This question already has answers here:
What is array to pointer decay?
(11 answers)
Closed 5 years ago.
In the following program, the value of the first element of array x prints as zero after passing the array as parameter to some function which modifies its parameters. The same does not happen to the int variable y, a modification in another function goes unnoticed in the calling function. Thus I was expecting the array to retain its values before the function call, just like it happens with y. Why is the array changed while the variable is not?
void func1 (int x[]){
x[0]=0;
}
void func2(int y){
y=0;
}
int main(){
int x[]={7}, y=8;
func1(x);
func2(y);
cout << x[0] << y;
return 0;
}
output:
08
expected:
78
The parameter int[] is exactly the same as int*, a pointer to an int. The array passed to the function decays to such pointer to the first element of the array, thus dereferencing it through the subscript operator and modifying the int pointee results in the original being modified.

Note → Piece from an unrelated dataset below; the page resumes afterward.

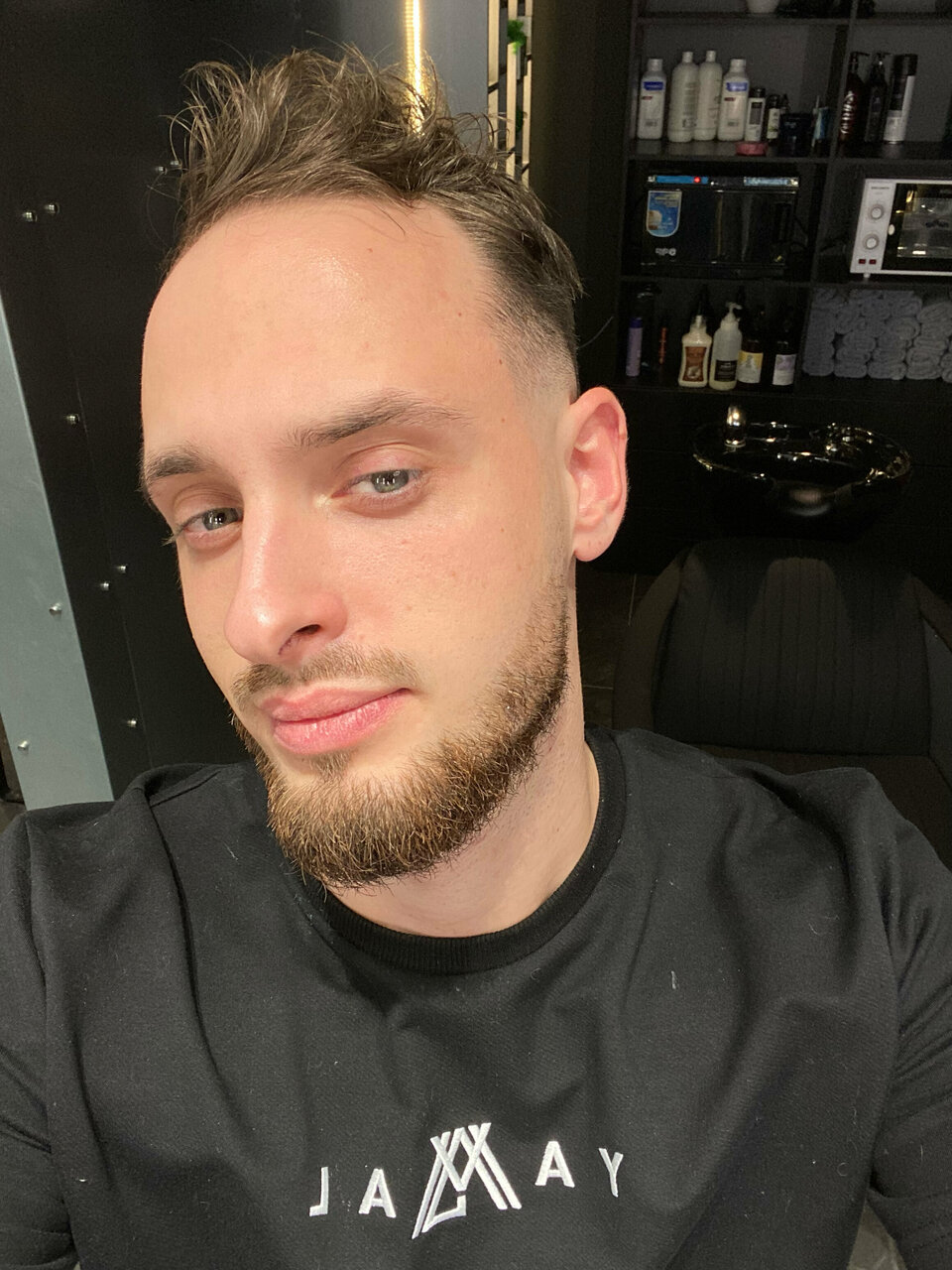Увидел по соседству барбершоп Заглянул и уже не могу остановиться . В Нутри шикарный дизайнерский ремонт Администратор встречает с улыбкой и встает со стула при встреча , мастера тоже топ вежливые приветливые , мне очень понравилось ! Предложат выпить кофе или кто что любит) ценник немного выше среднего, но сервис все компенсирует. Рекомендую Все звезды с неба ставлю вам

for you information i am putting values in comment in front of every line
void func1 (int x[]){
x[0]=0;//x here has same address as in main function so changes can be //directly apply to the original value of x array
//x[0]=7 was passed in this function is now modified by have a value x[0]=0
}
void func2(int y){
y=0;//but y is a different variable in this function it is not the same y in main function so if you change its value it does not mean that you are changing the value of y in main function so it does not give you the expected output
// it is due to local variable concept y in func2 is different and y in main is a different so all you have to do is to pass address of y variable so that if you want to change any thing is y will directly change its value in main function
}
int main(){
int x[]={7}, y=8;
func1(x);
func2(y);
cout << x[0] << y;
return 0;
}
Array use contiguous memory location to store data.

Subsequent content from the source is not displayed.